What is the effect of using the harmonic mean rather than the arithmetic mean?
(Consider the relative size of unigrams vs bigrams.)
-
Consider a candidate translation as follows:
Candidate 3
to raise to raise to raise to raise to raise to raise to raise to raise
to raise to raise to raise to raise to raise to raise to raise to raise.
What are the unigram and bigram precisions here? What consequence does this have for
Bleu-light?
Transfer-based MT
You are given the following pairs of sentences in English and Quenya
(an Elvish language from Lord of the Rings).

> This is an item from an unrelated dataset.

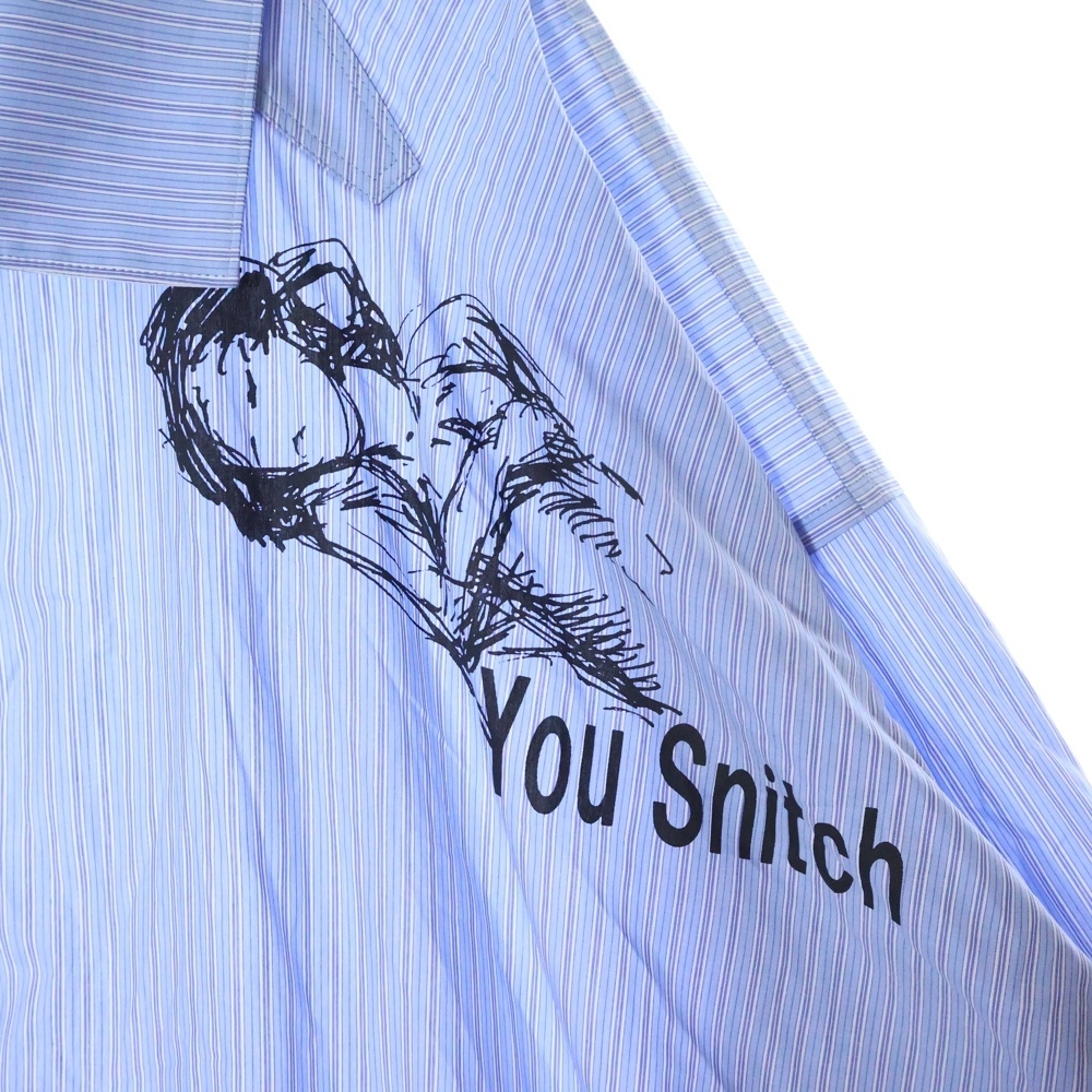 品名17AW You Snitch L/S STRIPE SHIRT プリント ストライプ 長袖ロングシャツ ブルー HK-B31-021

The book is red. I parma carnë ná.
A book is red. Parma carnë ná.
The monster is evil. I ulundo úmëa ná.
A monster is evil. Ulundo úmëa ná.
The elf eats. I Elda máta.
The elf eats bread. I Elda máta massa.
-
What are the parts of speech for each of the words in the English
sentences?
-
What is the correspondence between the English and Quenya words?
-
What rules would you infer in order to apply a transfer-based MT approach to translation
between English and Quenya? Explain using two specific
instances of rearrangements from the sentence pairs above.
Text Classification
In Assignment 1, your task is to classify Young (ages 13-17) from Old (33-47) blog posts.
In this question, you'll be looking at a different range of ages, and a different
type of writing, for classification.
The LUCY corpus contains samples
of written English from a range of different age groups, with a focus on younger children:
-
"Polished" writing: 41 files, 102,000 words
-
B, informative: 34 files, 84,000 words
-
C, imaginative: 7 files, 17,000 words
-
Young Adult writing, E: 48 files, 33,000 words
-
Child writing: 150 files, 30,000 words
-
F, 12-year-olds: 37 files, 8000 words
-
H, 11-year-olds: 36 files, 7000 words
-
K, 10-year-olds: 29 files, 6000 words
-
M, 9-year-olds: 48 files, 9000 words
The writing is marked up with additional information, in particular the words' parts of speech
and some syntactic structure.
Here are two samples:
File E02: Young Adult writing
0000040 00010 - YBL .
0000050 00010 - II In [O[S[P:p.
0000060 00010 - AT the [Ns.
0000070 00010 - JJ Western .
0000080 00010 - NN1 world .Ns]P:p]
0000090 00010 - RT today [R:t.R:t]
0000100 00010 - YC +, .
0000110 00010 - AT1 a [Ns:s.
0000120 00010 - NN1 storm .
0000130 00010 - IO of [Po.
0000140 00010 - NN1 controversy .Po]Ns:s]
0000150 00010 - NN2 rages [Vz.Vz]
0000160 00010 - II over [P:r.
0000170 00010 - AT the [N.
0000180 00010 - YIL .
0000190 00010 - NN1 +cult .
0000200 00010 - IO of [Po.
0000210 00010 - NN1 violence .Po]
0000220 00010 - YIR + .
0000230 00010 - CC or [N+.
0000240 00010 - JJ excessive .
0000250 00010 - NN1 portrayal [NN1n&.
0000260 00010 - CC and [NN1u+.
0000270 00010 - NN1 glorification .NN1u+]NN1n&]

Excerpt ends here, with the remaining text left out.